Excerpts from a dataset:

* * * *

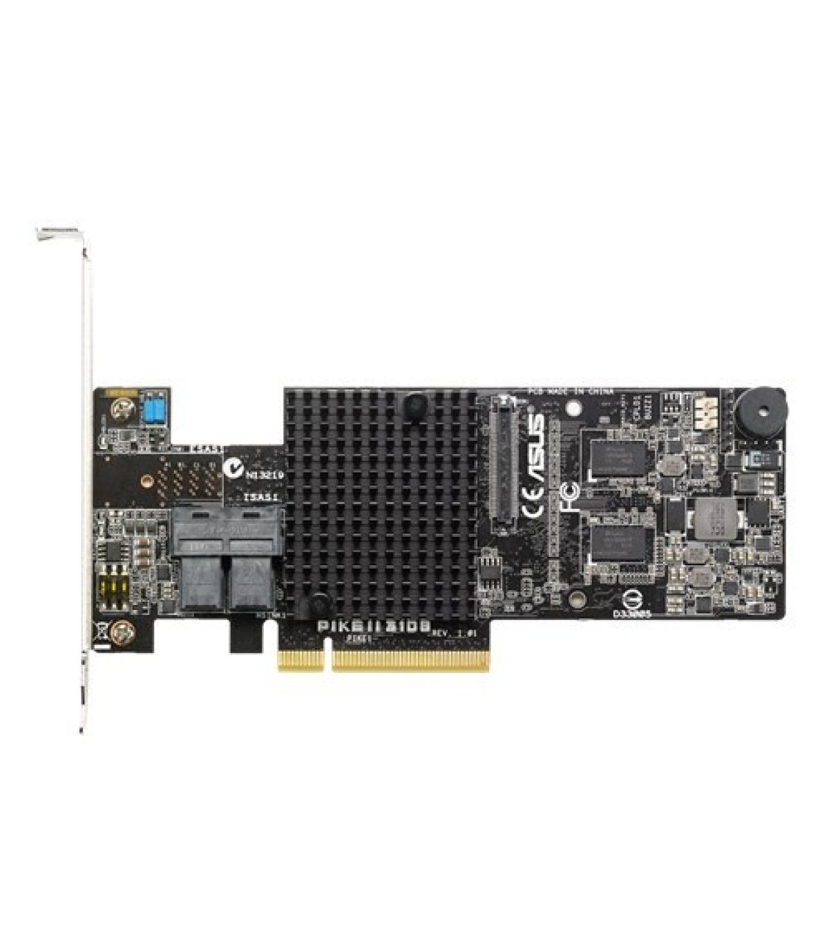ASUS PIKE II 3108-8i/16PD. Interfaces de disco de almacenamiento soportados: SAS, Serial ATA II, Serial ATA III, Interfaz de host: PCI Express. Niveles RAID: 0, 1, 5, 6, 10, 50, 60, Velocidad de transferencia de datos: 12 Gbit/s, Memoria interna: 1000 MB. Ancho: 152,4 mm, Altura: 50,8 mm
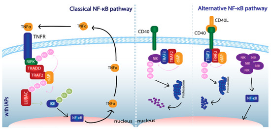 The family of transcription factors known as NF-κB comprises five different proteins belonging to the Rel Homology Domain (RHD)-containing family: RelA (p65), RelB, c-Rel, p105/50 (NF-kB1) and p100/52 (NF-kB1). Only three of the members (RelA, RelB and c-Rel) are produced in their mature forms, while the other two (NF-kB1 and NF-kB2) require a proteolytic cleavage of the precursor’s C-terminal portion. These later molecules do not contain transactivation domains (TAD), which are required for the activation of NF-κB genes; so, they rely on interaction with the other members. In order to become active, different members combine to form dimers. Different signals leading to NF-κB formation combined with different dimer combinations account for the modulation of the different NF-κB transcriptional programs. The two main signaling cascades that activate NF-κB can be classified either as classical (canonical) or alternative (non-canonical) pathways. Importantly, both processes are governed by the addition or deletion of Ub residues on complexes that lead to the activation of the kinases controlling NF-κB activation [43].
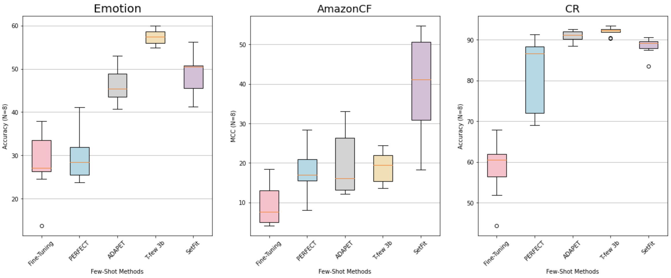在其他的数据集上,SeiFit 在各种各样的任务中也展示出了鲁棒的性能。如下图所示,每类仅需 8 个样本,其典型性能就超越了 PERFECT、ADAPET 以及微调后的原始 transformer 模型。SetFit 还取得了与 T-Few 3B 相当的结果,尽管它无需提示且模型小了 27 倍。
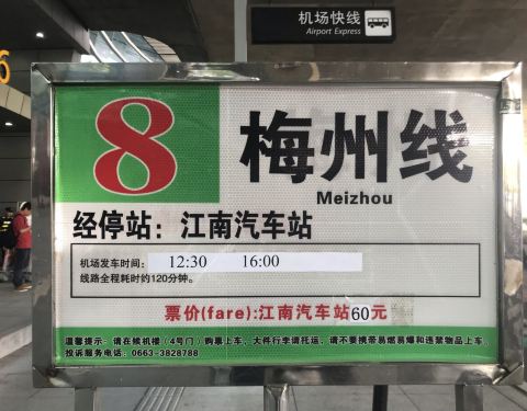 梅州线是揭阳潮汕机场往返梅州市区的快线,终点站为梅州粤运江南汽车站(梅州市梅江区彬芳大道38号)。
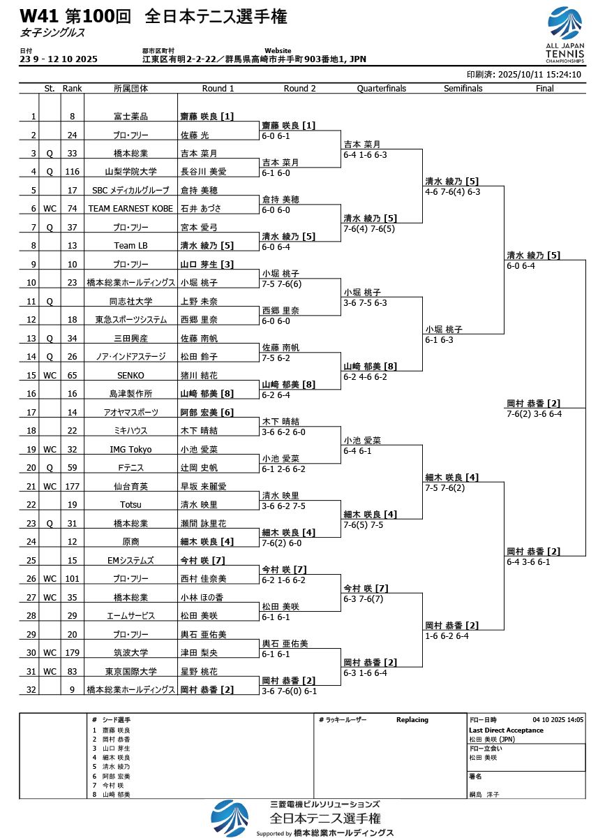 第100回記念大会の「全日本テニス選手権」が開幕!前年準Vの齋藤咲良らが女子シングルス初戦突破

* * * *

HOW TO COMPLETE THIS TASK: Every line above should be returned exactly; the pictures stay out.

SOLUTION TO THE EXERCISE:
ASUS PIKE II 3108-8i/16PD. Interfaces de disco de almacenamiento soportados: SAS, Serial ATA II, Serial ATA III, Interfaz de host: PCI Express. Niveles RAID: 0, 1, 5, 6, 10, 50, 60, Velocidad de transferencia de datos: 12 Gbit/s, Memoria interna: 1000 MB. Ancho: 152,4 mm, Altura: 50,8 mm
 The family of transcription factors known as NF-κB comprises five different proteins belonging to the Rel Homology Domain (RHD)-containing family: RelA (p65), RelB, c-Rel, p105/50 (NF-kB1) and p100/52 (NF-kB1). Only three of the members (RelA, RelB and c-Rel) are produced in their mature forms, while the other two (NF-kB1 and NF-kB2) require a proteolytic cleavage of the precursor’s C-terminal portion. These later molecules do not contain transactivation domains (TAD), which are required for the activation of NF-κB genes; so, they rely on interaction with the other members. In order to become active, different members combine to form dimers. Different signals leading to NF-κB formation combined with different dimer combinations account for the modulation of the different NF-κB transcriptional programs. The two main signaling cascades that activate NF-κB can be classified either as classical (canonical) or alternative (non-canonical) pathways. Importantly, both processes are governed by the addition or deletion of Ub residues on complexes that lead to the activation of the kinases controlling NF-κB activation [43].
在其他的数据集上,SeiFit 在各种各样的任务中也展示出了鲁棒的性能。如下图所示,每类仅需 8 个样本,其典型性能就超越了 PERFECT、ADAPET 以及微调后的原始 transformer 模型。SetFit 还取得了与 T-Few 3B 相当的结果,尽管它无需提示且模型小了 27 倍。
 梅州线是揭阳潮汕机场往返梅州市区的快线,终点站为梅州粤运江南汽车站(梅州市梅江区彬芳大道38号)。
 第100回記念大会の「全日本テニス選手権」が開幕!前年準Vの齋藤咲良らが女子シングルス初戦突破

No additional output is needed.